• Work task: Beneath this instruction is a block of data; output from it exactly the lines that run from the one containing "Above: Collecting Yarra" through the one containing "Letters sent to the charity", inclusive.

• Dataset records:
------

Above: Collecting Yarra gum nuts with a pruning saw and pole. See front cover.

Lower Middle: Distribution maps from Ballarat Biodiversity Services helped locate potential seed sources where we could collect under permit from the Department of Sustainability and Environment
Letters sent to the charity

------

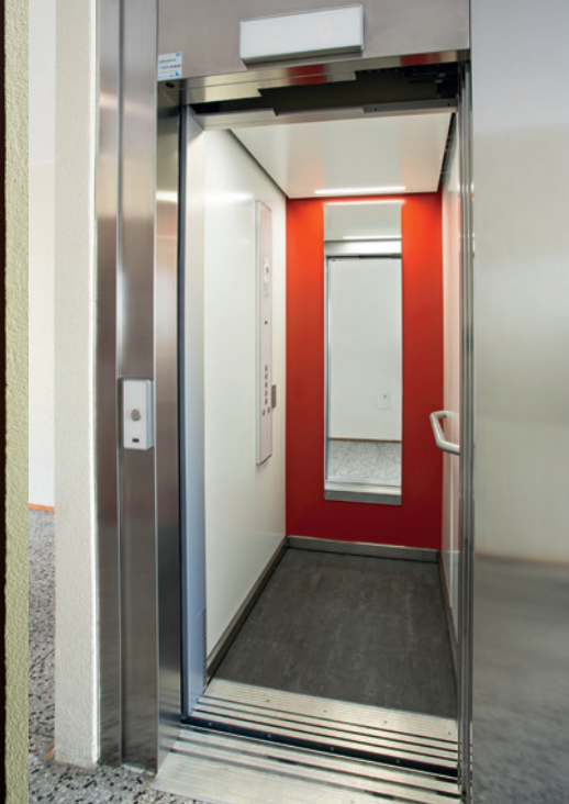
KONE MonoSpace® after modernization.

------

• Written solution:
Above: Collecting Yarra gum nuts with a pruning saw and pole. See front cover.

Lower Middle: Distribution maps from Ballarat Biodiversity Services helped locate potential seed sources where we could collect under permit from the Department of Sustainability and Environment
Letters sent to the charity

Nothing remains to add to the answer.